* [To do] Transcribe every entry that follows exactly, omitting all pictures.

── Records for this task

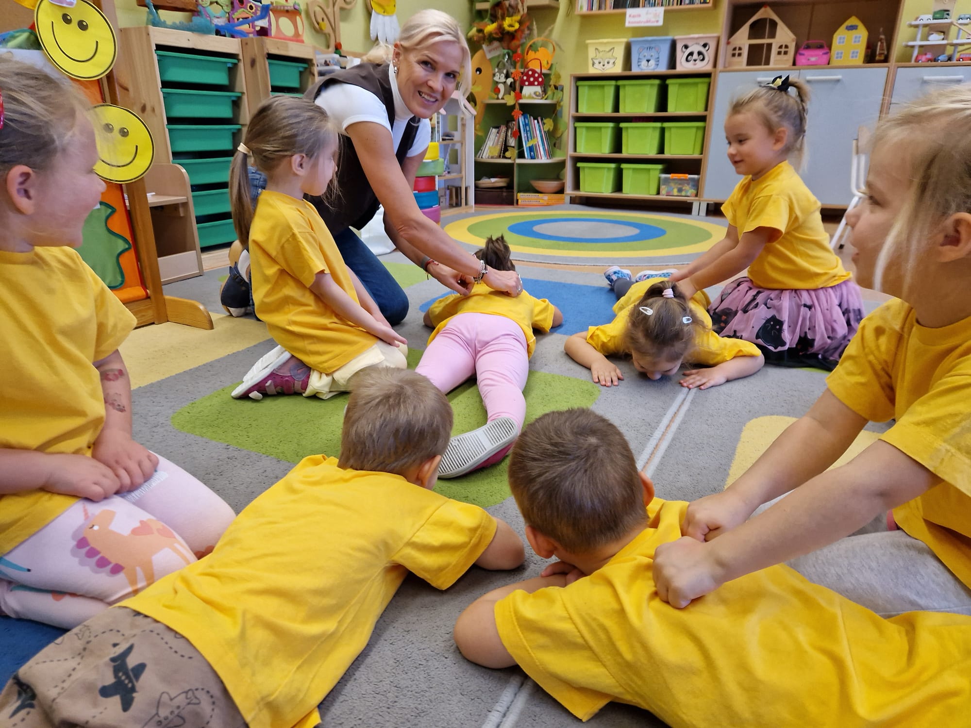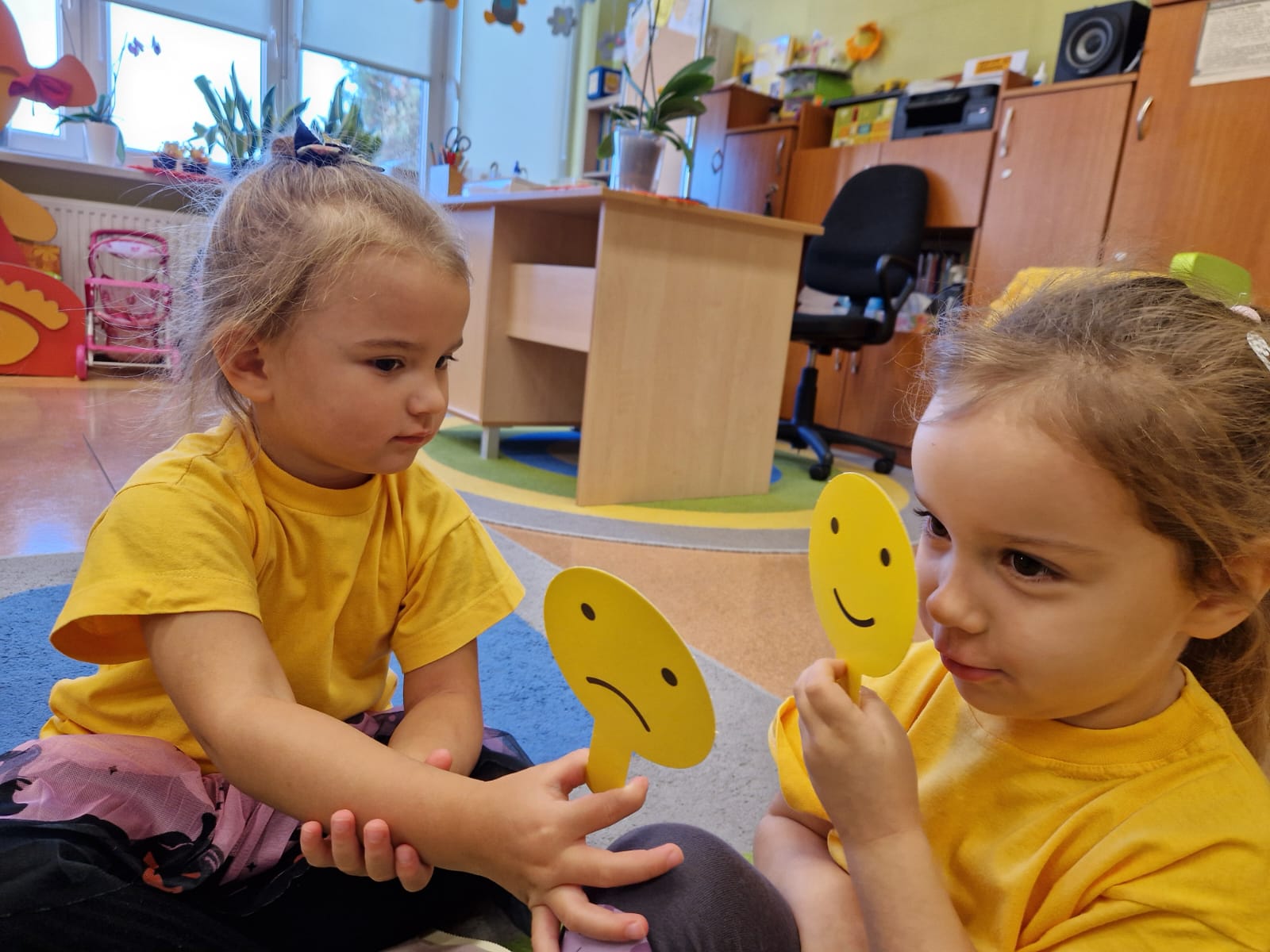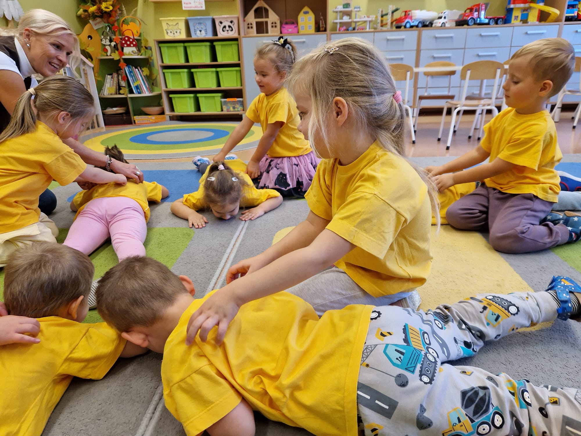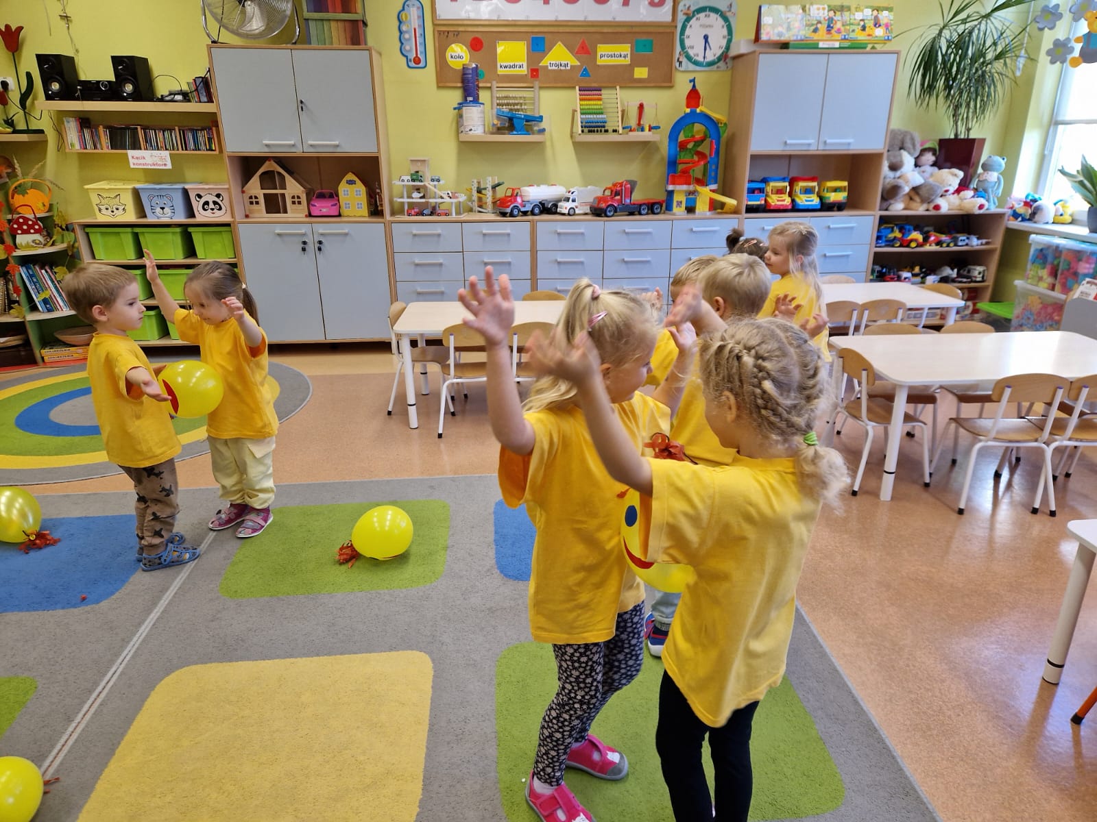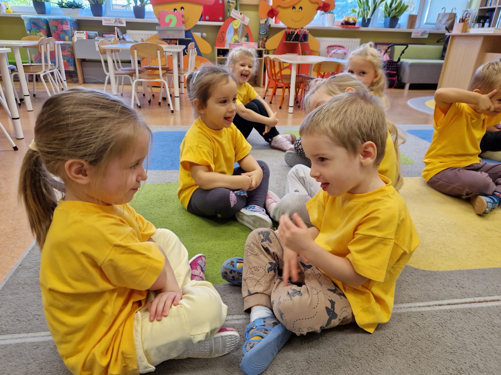 Czy wiecie, że w pierwszy piątek października każdego roku obchodzone jest bardzo wyjątkowe święto – Światowy Dzień Uśmiechu? W bieżącym roku szkolnym do świętowania Światowego Dnia Uśmiechu dołączyły przedszkolaki z grupy X i w piątek 03.10. 2025 r. uśmiech towarzyszył dzieciom już od rana. Ten radosny dzień został stworzony po to, abyśmy wszyscy przypomnieli sobie, jak ważny jest uśmiech w naszym życiu. Historia tego dnia sięga roku 1999, kiedy to amerykański artysta Harvey Ball, twórca słynnej żółtej, uśmiechniętej buzi, postanowił ogłosić jedno specjalne święto, które będzie przypominać ludziom na całym świecie, aby się więcej uśmiechali. Przedszkolne lata są niezwykle ważnym okresem w życiu każdego dziecka. To czas, w którym maluchy odkrywają świat, rozwijają swoje umiejętności społeczne, poznają emocje i uczą się jak budować relacje. Zamysł tego święta, realizowana innowacja pedagogiczna „ Kolorowe emocje”, a także tydzień budowania relacji stały się wyjątkową okazją, aby uświadomić najmłodszym, jaką moc ma UŚMIECH. Uśmiech, to przecież mały gest, który ma ogromne znaczenie dla dzieci w przedszkolu. To nie tylko wyraz sympatii czy radości, ale również narzędzie, które pomaga budować pozytywne relacje i sprzyja rozwojowi emocjonalnemu maluchów. Wszystkie zaaranżowane aktywności podczas świętowania Dnia Uśmiechu ... teatrzyk „ O wesołym słoneczku i smutnej chmurce”, zabawa” podaj uśmiech”, taniec z uśmiechem, czy też masażyk z „ uśmiechniętym dreszczykiem”, pozwoliły dzieciom poczuć moc uśmiechu, moc radości ze wspólnych zbaw. Razem uczyliśmy się, jak uśmiechać się i sprawiać, że inni się uśmiechają. Rozmawialiśmy o uśmiechu, tworzyliśmy uśmiechy, dzieliliśmy się uśmiechami i poznawaliśmy, jak uśmiech może sprawić, że świat staje się lepszy, przyjemniejszy i że uśmiech sprawia przyjemność nam i innym oraz niesie ze sobą dużo pozytywnej energii. Cele został osiągnięte zarówno w zakresie rozwijania umiejętności wyrażania pozytywnych emocji jak również w zakresie budowania relacji społecznych przez wspólną zabawę i wzmacniania własnej wartości. A jak było wesoło??? Zapraszamy do galerii.
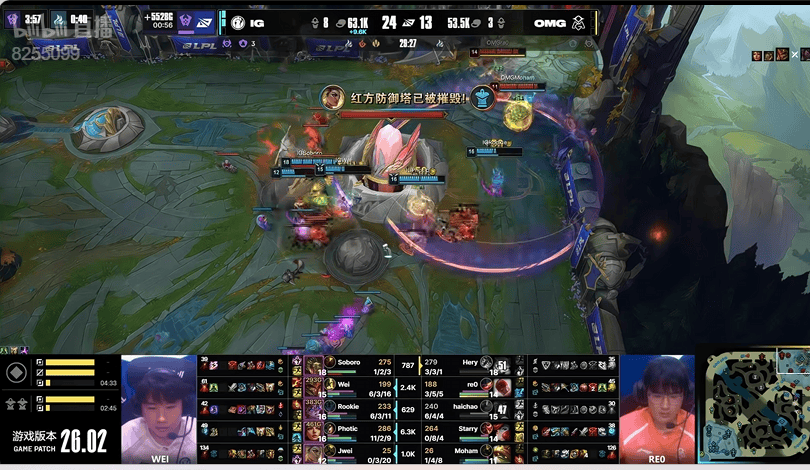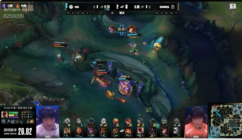 8分钟:双方在河道爆发团战,龙龟率先被秒阿萝拉游龙拿到三杀
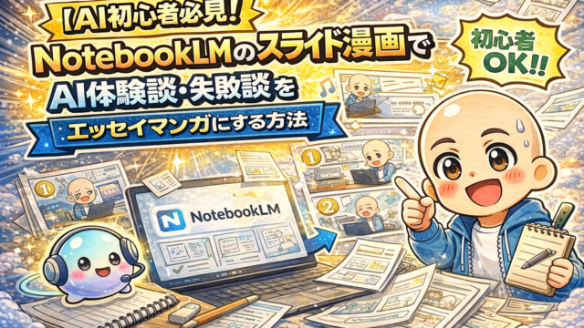 AIツール & 使い方 【AI初心者必見】NotebookLMのスライド漫画で AI体験談・失敗談をエッセイマンガにする方法 〜HiroroとラボちゃんのAI冒険日誌〜 2026年3月31日 hiroro-ailab https://hiroro-ailab.com/wp-content/uploads/2026/03/hiroro-header-1500x500-1.png HiroroのAIと副業ラボ 「ブログにもっと読みやすいコンテンツを入れたい」 「自分のAI体験談を漫画で伝えられたら面白そう」 「でも漫画なんて描け …
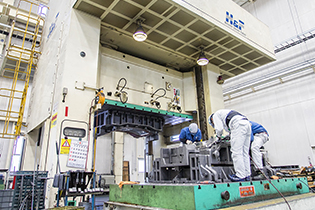 量産プレス金型部門では、単発型・トランスファー型・順送型などの量産用プレス金型と治具の製作をしています。金型の設計、CAEを駆使した解析から、1000tメカ式プレスによる金型トライまで社内で対応しています。
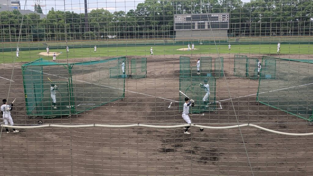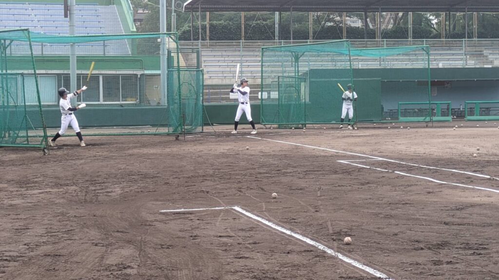 週に2~3日は尼崎ベイコム野球場でバッティング練習や実践練習をしています。
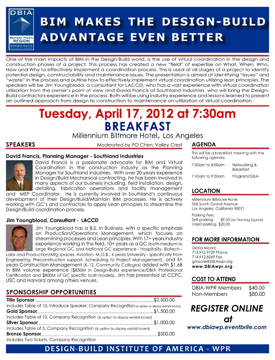 One of the main impacts of BIM in the Design-Build world, is the use of virtual coordination in the design and construction phases of a project. This process has created a new “field” of expertise on What, When, Who, How and Why to effectively implement a coordination process. The speakers will be Jim Youngblood, a consultant for LACCD, who has a vast experience with virtual coordination utilization from the owner’s point of view and David Francis of Southland Industries, who will bring the Design- Build contractors experience in the process. Both will be using industry experience and lessons learned to present an outlined approach from design to construction to maintenance on utilization of virtual coordination.

────

* [Expected output]
 Czy wiecie, że w pierwszy piątek października każdego roku obchodzone jest bardzo wyjątkowe święto – Światowy Dzień Uśmiechu? W bieżącym roku szkolnym do świętowania Światowego Dnia Uśmiechu dołączyły przedszkolaki z grupy X i w piątek 03.10. 2025 r. uśmiech towarzyszył dzieciom już od rana. Ten radosny dzień został stworzony po to, abyśmy wszyscy przypomnieli sobie, jak ważny jest uśmiech w naszym życiu. Historia tego dnia sięga roku 1999, kiedy to amerykański artysta Harvey Ball, twórca słynnej żółtej, uśmiechniętej buzi, postanowił ogłosić jedno specjalne święto, które będzie przypominać ludziom na całym świecie, aby się więcej uśmiechali. Przedszkolne lata są niezwykle ważnym okresem w życiu każdego dziecka. To czas, w którym maluchy odkrywają świat, rozwijają swoje umiejętności społeczne, poznają emocje i uczą się jak budować relacje. Zamysł tego święta, realizowana innowacja pedagogiczna „ Kolorowe emocje”, a także tydzień budowania relacji stały się wyjątkową okazją, aby uświadomić najmłodszym, jaką moc ma UŚMIECH. Uśmiech, to przecież mały gest, który ma ogromne znaczenie dla dzieci w przedszkolu. To nie tylko wyraz sympatii czy radości, ale również narzędzie, które pomaga budować pozytywne relacje i sprzyja rozwojowi emocjonalnemu maluchów. Wszystkie zaaranżowane aktywności podczas świętowania Dnia Uśmiechu ... teatrzyk „ O wesołym słoneczku i smutnej chmurce”, zabawa” podaj uśmiech”, taniec z uśmiechem, czy też masażyk z „ uśmiechniętym dreszczykiem”, pozwoliły dzieciom poczuć moc uśmiechu, moc radości ze wspólnych zbaw. Razem uczyliśmy się, jak uśmiechać się i sprawiać, że inni się uśmiechają. Rozmawialiśmy o uśmiechu, tworzyliśmy uśmiechy, dzieliliśmy się uśmiechami i poznawaliśmy, jak uśmiech może sprawić, że świat staje się lepszy, przyjemniejszy i że uśmiech sprawia przyjemność nam i innym oraz niesie ze sobą dużo pozytywnej energii. Cele został osiągnięte zarówno w zakresie rozwijania umiejętności wyrażania pozytywnych emocji jak również w zakresie budowania relacji społecznych przez wspólną zabawę i wzmacniania własnej wartości. A jak było wesoło??? Zapraszamy do galerii.
 8分钟:双方在河道爆发团战,龙龟率先被秒阿萝拉游龙拿到三杀
 AIツール & 使い方 【AI初心者必見】NotebookLMのスライド漫画で AI体験談・失敗談をエッセイマンガにする方法 〜HiroroとラボちゃんのAI冒険日誌〜 2026年3月31日 hiroro-ailab https://hiroro-ailab.com/wp-content/uploads/2026/03/hiroro-header-1500x500-1.png HiroroのAIと副業ラボ 「ブログにもっと読みやすいコンテンツを入れたい」 「自分のAI体験談を漫画で伝えられたら面白そう」 「でも漫画なんて描け …
 量産プレス金型部門では、単発型・トランスファー型・順送型などの量産用プレス金型と治具の製作をしています。金型の設計、CAEを駆使した解析から、1000tメカ式プレスによる金型トライまで社内で対応しています。
 週に2~3日は尼崎ベイコム野球場でバッティング練習や実践練習をしています。
 One of the main impacts of BIM in the Design-Build world, is the use of virtual coordination in the design and construction phases of a project. This process has created a new “field” of expertise on What, When, Who, How and Why to effectively implement a coordination process. The speakers will be Jim Youngblood, a consultant for LACCD, who has a vast experience with virtual coordination utilization from the owner’s point of view and David Francis of Southland Industries, who will bring the Design- Build contractors experience in the process. Both will be using industry experience and lessons learned to present an outlined approach from design to construction to maintenance on utilization of virtual coordination.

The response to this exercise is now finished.